I'm often asked how I got into journalism. And I tell people it all started in a bomb shelter in Albania. In 1999, while working with American psychiatrists trying to mitigate the affects of war atrocities on small children fleeing from Kosovo, a friend asked me why I spent so much time writing about what happened each day. I told him it was the only way to make sense of the things I saw. In a world where war scrambled the images and thoughts that hold a day together, I needed words to put some order to the chaos. As we sat there under three-feet-thick concrete walls meant to protect against the stray bullets fired off nightly, he said I should become a journalist to help the world make sense of what it sees every day. Those words came back to me when I enrolled in community college back in my hometown less than a year later.

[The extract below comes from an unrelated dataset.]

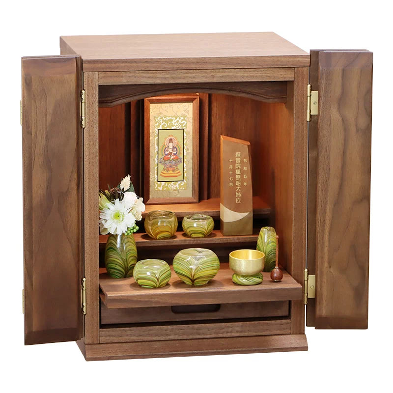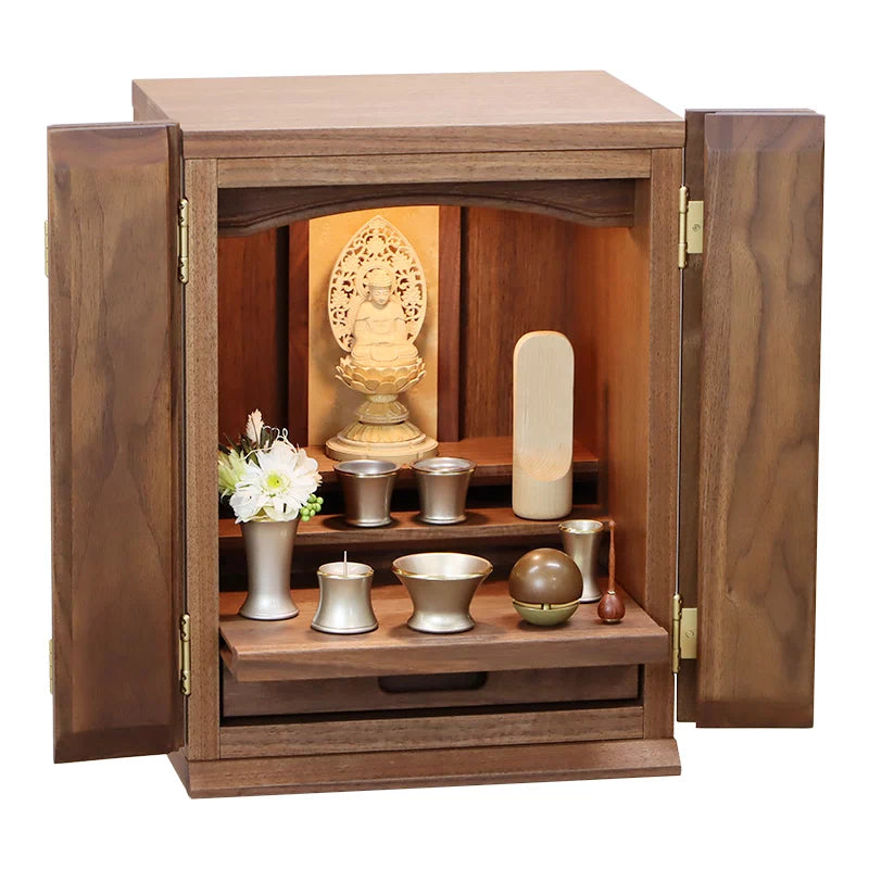 • 特 徴: 国産品 、 LEDライト 、 無垢材3割以上 、 板目のランダムな木目 、 スライド式内部段 、 引き出し収納 、 セット仏壇の仏具シュミレーションあり 、 台の上に設置するタイプ

Almost a decade after that conversation, I'm still working with words to make some sense of the chaos in our world. But those words are not always seen in print. Sometimes they are spoken as in a voiceover for a video about changes in our small city in the Northern Rockies. Sometimes they are in the ramblings of a member of our community whose own story can help others make sense of the sweeping changes that affect us every day.
Today I combine images, sound and words to tell stories that help break down educational and institutional barriers. Journalism is the only way I know to affect these changes, and I embrace any form of communication that is cross-generational, cross-platform and cross-cultural.